About: With more and more experimental data on brain function being made openly available to the neuroscience research community, an increasing number of theoretical and modelling studies are using data-driven, large scale, biophysically-detailed neuronal models to combine disparate experimentally generated insights into unified theories, gain a mechanistic understanding of information processing in the brain, and make new predictions to help design the next generation of experiments. Although a number of established simulation environments and related software/computing resources are available to neuroscientists, they each have their specific formats and APIs, which makes it non-trivial to re-use models developed in them and share or combine them between different simulation tools.

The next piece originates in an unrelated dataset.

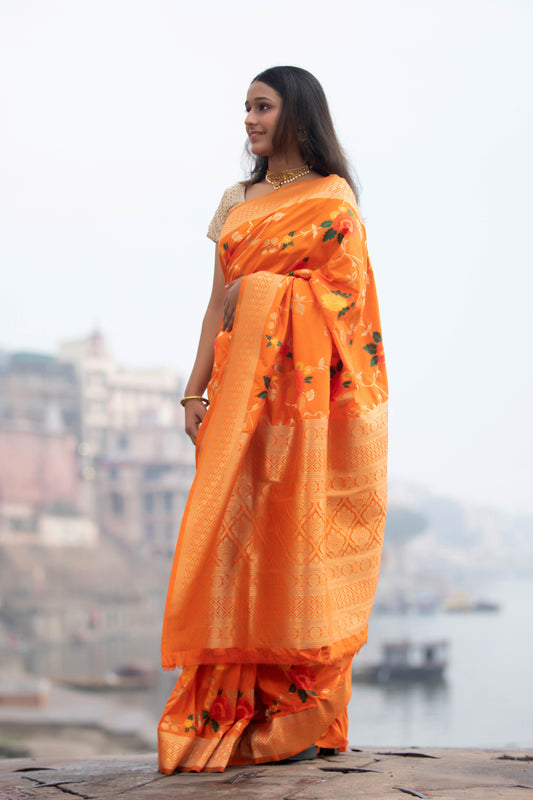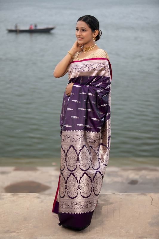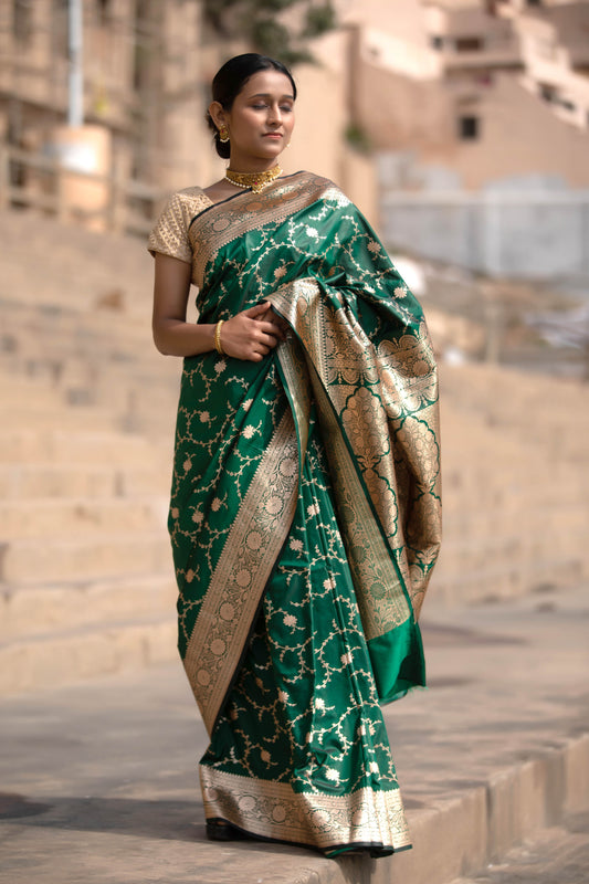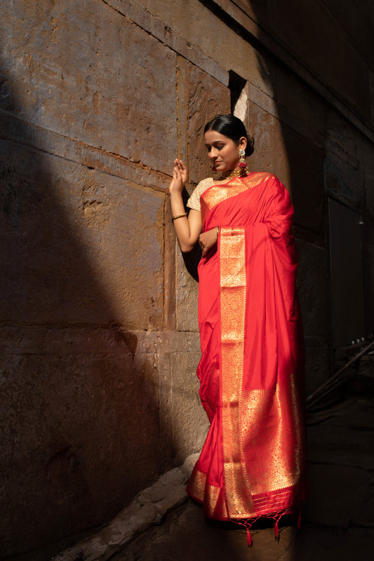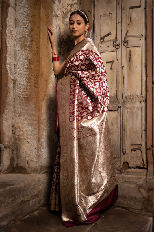 Royal Red Floral Zari Jaal Banarasi Silk Saree

NeuroML is a simulator independent standard that promotes FAIR (Findable, Accessible, Interoperable, and Reusable) computational neuroscience by providing a common standard, an API, and a large ecosystem of software tools (that includes the different simulation engines). Similarly, PyNN is a simulator independent Python API for building and simulating models. Users can use the NeuroML and PyNN to build, validate, analyse, visualise, optimise, share, and re-use their models, and they can choose different simulation engines to simulate them without needing to know the specifics of each simulation engine.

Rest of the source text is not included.